Zurück im Behindertenklo will ich nur noch meine Schuhe zubinden und lehne an die Wand dabei und... treffe direkt den Notknopf dabei, von dem ich nicht mal wusste, dass er da war. Fuck. :D Der krönende Rumlöm-Abschluss :D.
Ich schnell die Schuhe an, Tasche gepackt und hochgesprintet, um Bescheid zu sagen und mich tausend mal zu entschuldigen. Das "Ach, das passiert hier öfter mal." vom Personal half auch irgendwie nicht, dass es mir weniger peinlich war. Aber fürs Schämen war keine Zeit, mein Zug fuhr.
Am Bahnhof sitzend zog in der Ferne ein Gewitter auf, es regnete aber nicht, nur irgendwo weiter hinten. Raben kamen, setzten sich auf ein Hausdach und drehten sich tatsächlich so, dass sie das Gewitter anschauten. Wer mich kennt, weiß: Das ist meine Art der Romantik. Es war perfekt.
Der Zug nach Hause fuhr dann aus dem Unwetter bis zu mir, strahlender Sonnenschein. Froind begrüßt mich im Flur, fragte kurz, wie es war, und sagt "Wir gehen jetzt Essen zur Feier des Tages."
Okay :D. Wir gingen zum Italiener und setzten uns nach draußen. Während ich anfing, Froind zu erzählen, wie es war, verdunkelte sich der Himmel immer mehr. Das Personal kam alle 5 Minuten "Setzt euch rein, kommt rein!" und wir "Nein, es ist sehr angenehm."

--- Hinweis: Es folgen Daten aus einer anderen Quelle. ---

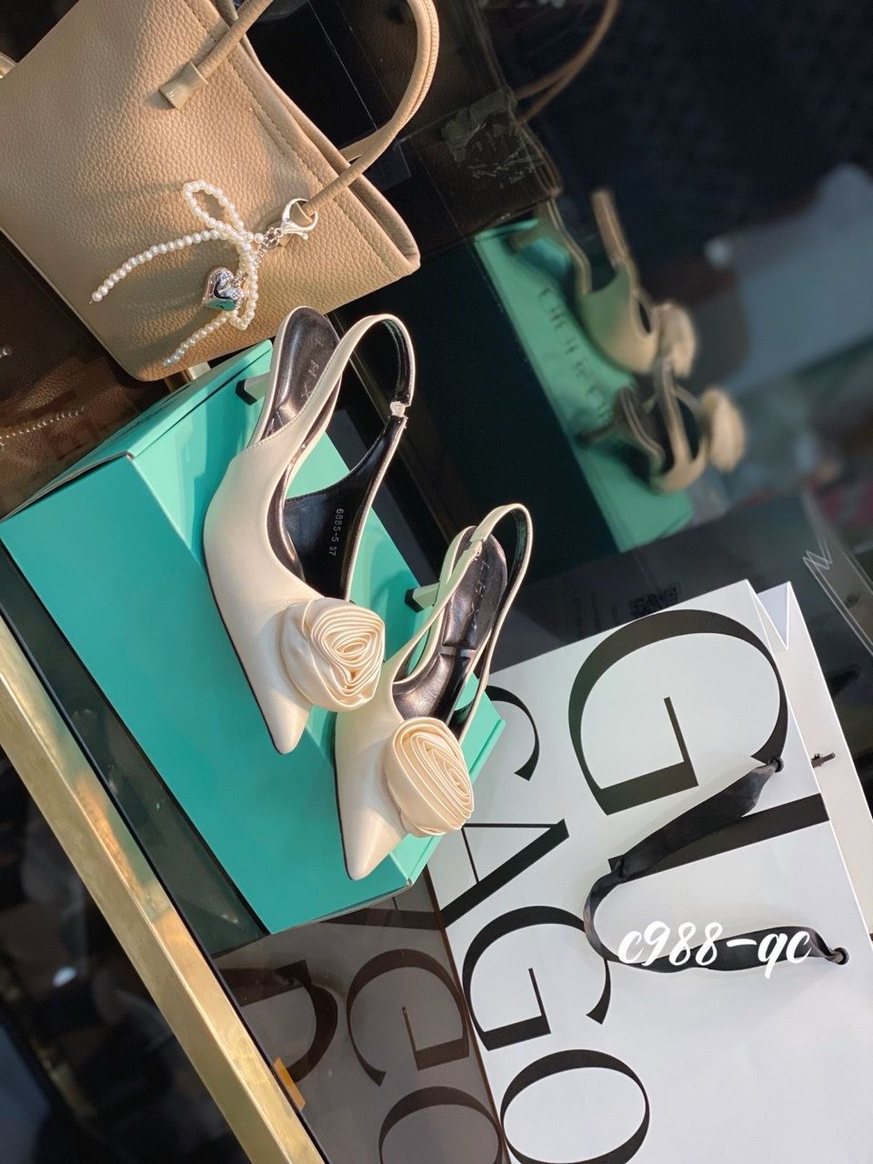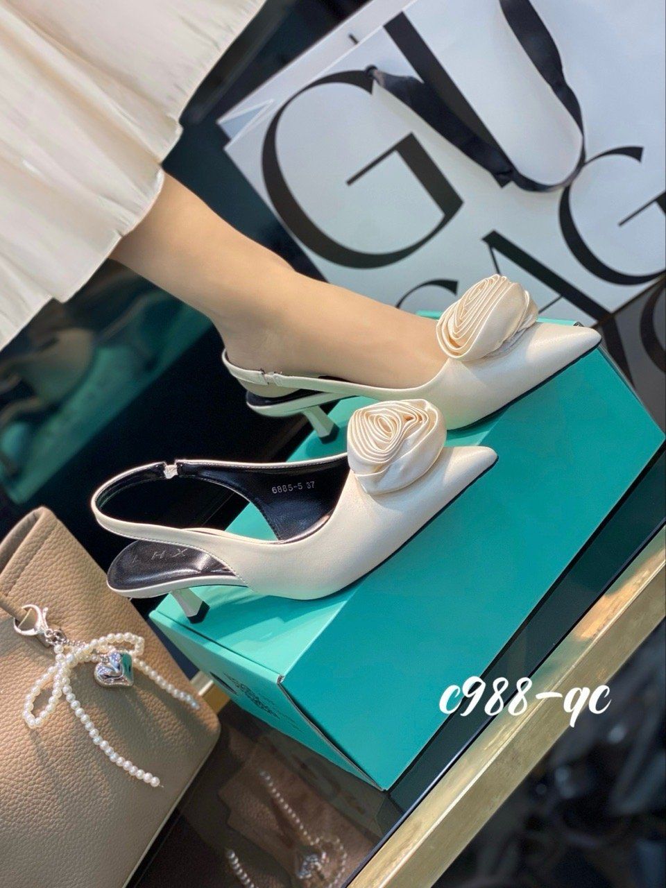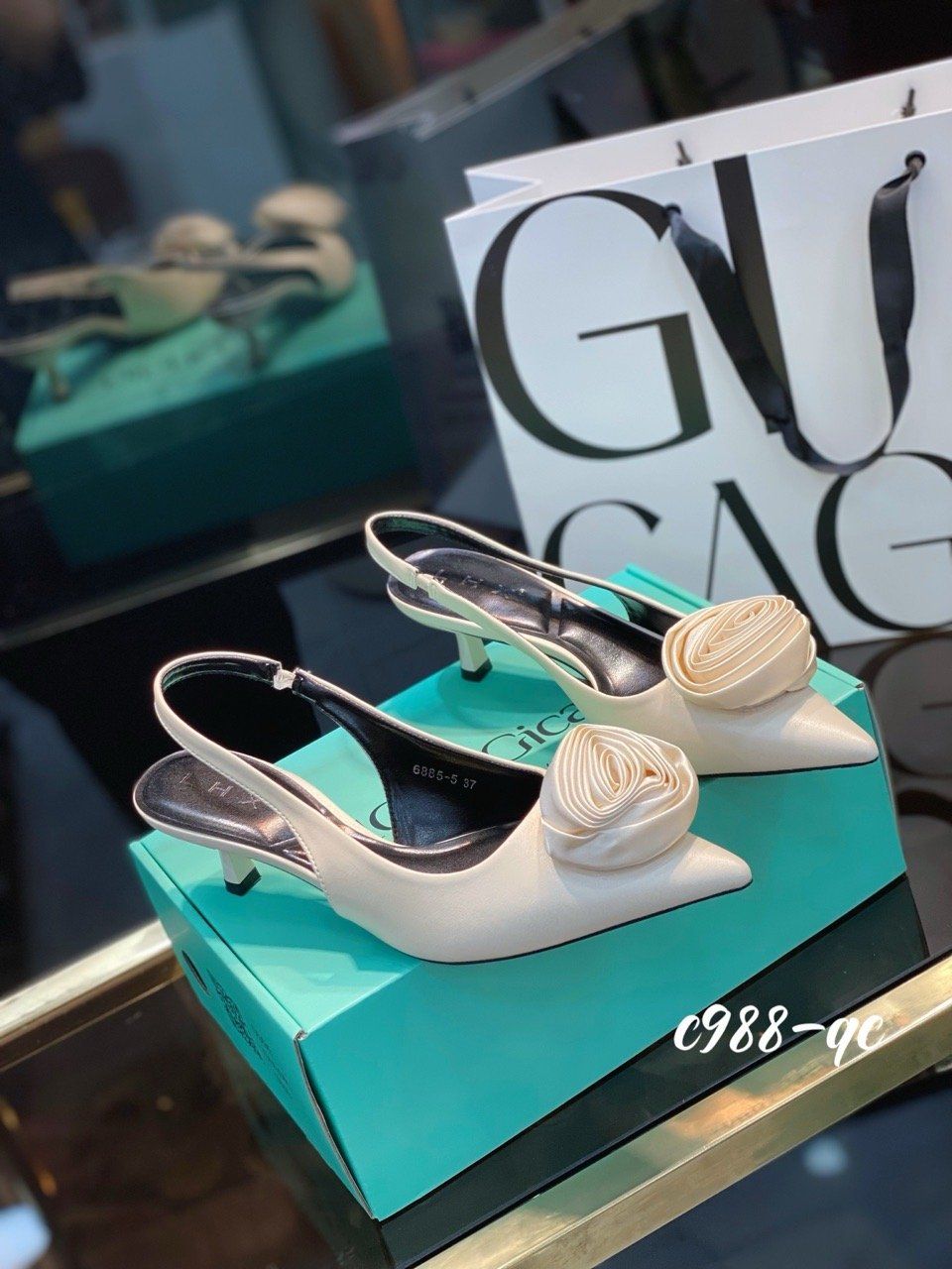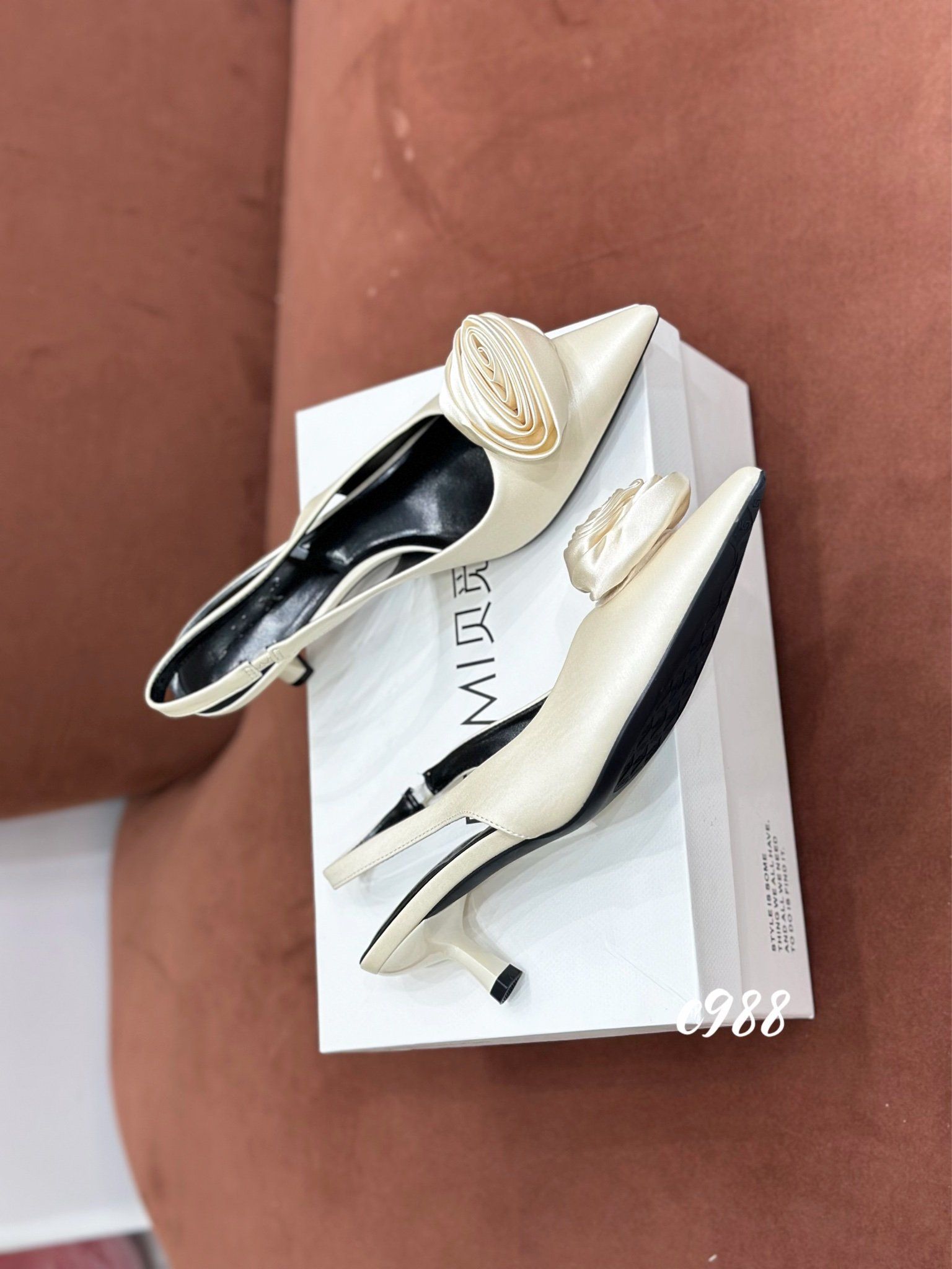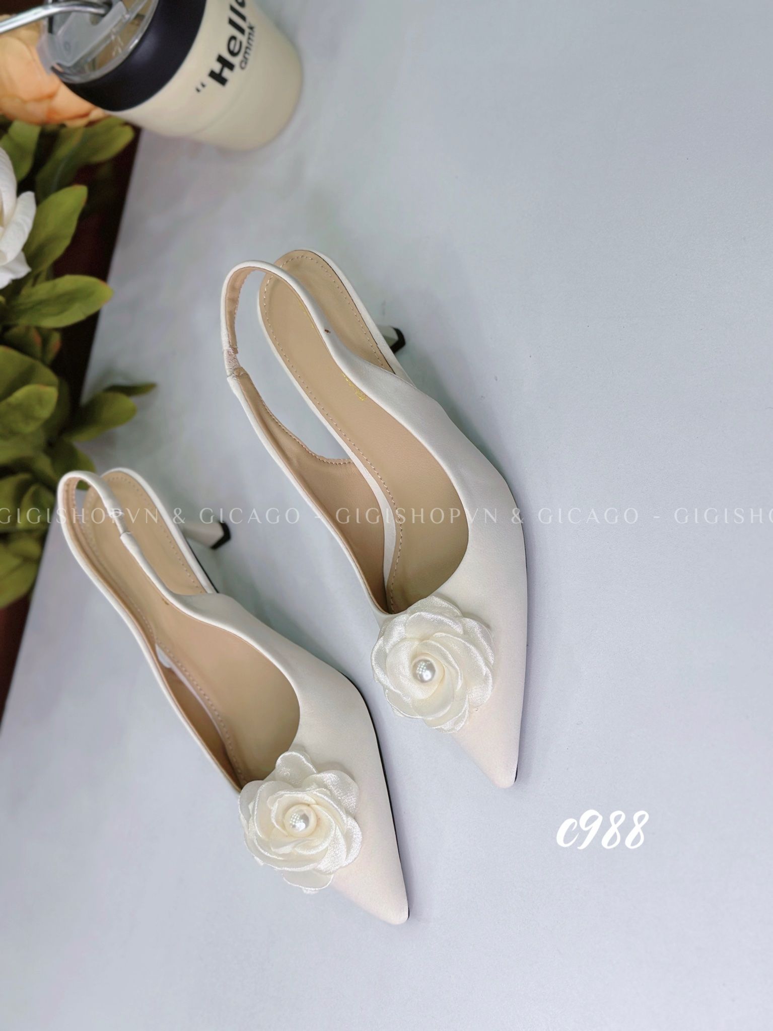 Cao gót nhọn hở gót Hoa C988

War es auch. Irgendwann nieselte es und unser Rücken wurde nass. Die Getränke kommen, wir stoßen an und während der Regen langsam zunimmt, frage ich Froind, ob wir nicht doch reinsollten. "Nö, ich finds noch angenehm." Stimmte ja auch, endlich Abkühlung. Als wir halb durch die Vorspeise sind, prasselt der Regen plötzlich so richtig los. Es war, als hätte man einen Duschkopf angestellt. Ich fange an, gleichzeitig zu lachen und zu schreien, während wir versuchen, unser Bruschetta vorm Regen zu schützen und sprinten unter dem Gelächter aller anderen Restaurantbesucher nach drinnen. Wir sitzen uns gegenüber und lachen uns einfach nur aus :D. Hinter Froind sehe ich die Sturzbäche, die da runterkommen. Wenn Autos vorbeifahren, spritzt eine riesige Welle hoch und landet klatschend auf den hinteren Tischen.
Neben mir sagt ein Mann am Tisch "Ach, ich stell jetzt hier einen Timer mit dem Handy, das hört in 5 Minuten auf."
Ich dreh mich zu ihm: "Ja, das dachten wir auch :D!"
Wieder Gelächter im Raum, während ich wieder mal zugeben muss, dass wir es einfach nicht schaffen, mal "normal" essen zu gehen.
Das Essen an sich war lecker wie immer und lief zum Glück ereignislos. Nach einem Verdauungspaziergung, den wir machten, um den doppelten Averna loszuwerden, den man uns noch aufs Haus anbot, war ich endlich Zuhause, hüpfte unter die Dusche und schaute noch kurz aufs Handy, das voll war mit Nachrichten mit "Wir stehen im Stau!!"
Und dann endlich: Bett. Der Tag kam mir ewig lang vor, einschlafen konnte ich trotzdem lange nicht.
Bis aufs Arbeiten habe ich heute nichts vor und werde mich ausruhen. Muss ich auch, denn morgen ist Premiere. Da beginnt die Spielzeit erst so richtig.